(Records from a data collection)
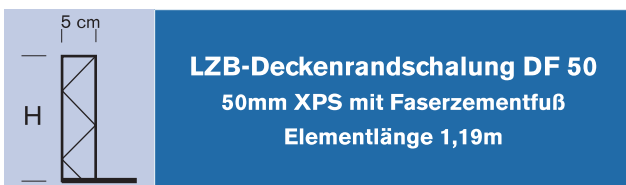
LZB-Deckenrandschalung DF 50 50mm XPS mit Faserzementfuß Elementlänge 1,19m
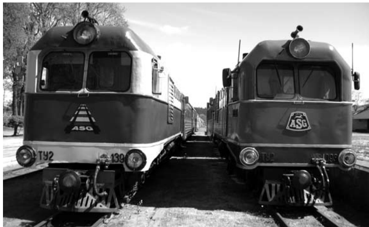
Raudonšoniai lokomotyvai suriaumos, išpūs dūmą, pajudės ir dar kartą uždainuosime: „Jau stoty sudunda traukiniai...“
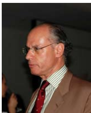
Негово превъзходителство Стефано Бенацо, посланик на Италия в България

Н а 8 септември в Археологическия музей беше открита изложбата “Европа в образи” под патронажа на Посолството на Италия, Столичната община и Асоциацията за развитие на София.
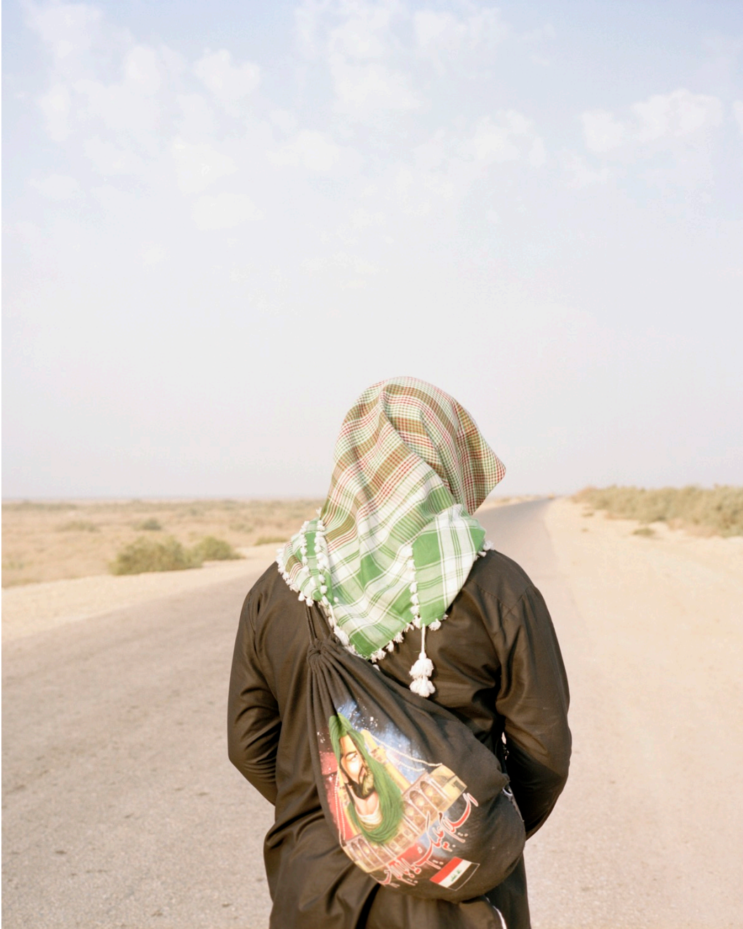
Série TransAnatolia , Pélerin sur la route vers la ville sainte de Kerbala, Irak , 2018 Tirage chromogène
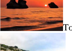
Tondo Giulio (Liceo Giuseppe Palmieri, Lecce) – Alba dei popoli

...

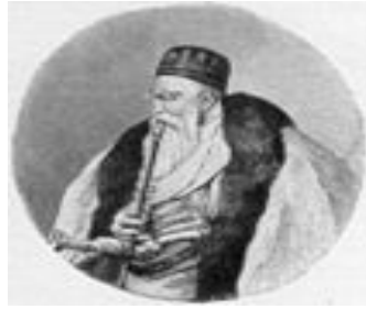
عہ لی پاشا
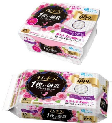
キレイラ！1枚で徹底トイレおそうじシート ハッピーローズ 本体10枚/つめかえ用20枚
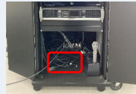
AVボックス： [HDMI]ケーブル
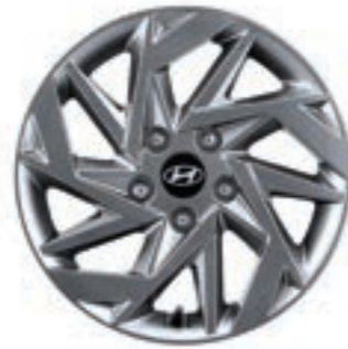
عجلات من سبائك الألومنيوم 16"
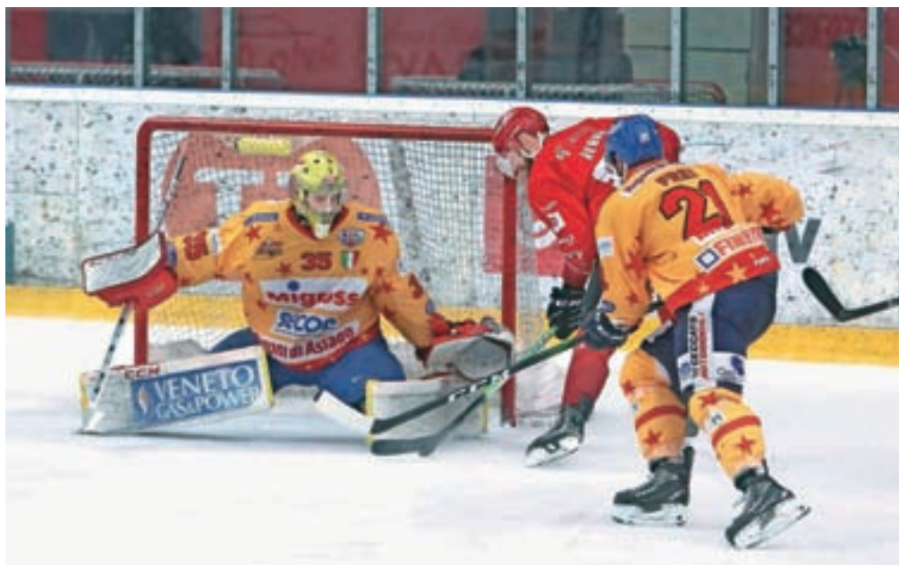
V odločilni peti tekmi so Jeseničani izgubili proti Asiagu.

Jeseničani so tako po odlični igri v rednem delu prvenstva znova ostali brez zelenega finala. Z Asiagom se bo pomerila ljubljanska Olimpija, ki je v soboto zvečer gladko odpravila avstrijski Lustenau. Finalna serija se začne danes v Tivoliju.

#### [Goal of the exercise]
"LZB-Deckenrandschalung DF 50" marks the first line to copy, and "Tondo Giulio (Liceo" marks the last. Repeat that stretch above exactly, with no pictures.

#### [Output for this exercise]
LZB-Deckenrandschalung DF 50 50mm XPS mit Faserzementfuß Elementlänge 1,19m
Raudonšoniai lokomotyvai suriaumos, išpūs dūmą, pajudės ir dar kartą uždainuosime: „Jau stoty sudunda traukiniai...“
Негово превъзходителство Стефано Бенацо, посланик на Италия в България

Н а 8 септември в Археологическия музей беше открита изложбата “Европа в образи” под патронажа на Посолството на Италия, Столичната община и Асоциацията за развитие на София.
Série TransAnatolia , Pélerin sur la route vers la ville sainte de Kerbala, Irak , 2018 Tirage chromogène
Tondo Giulio (Liceo Giuseppe Palmieri, Lecce) – Alba dei popoli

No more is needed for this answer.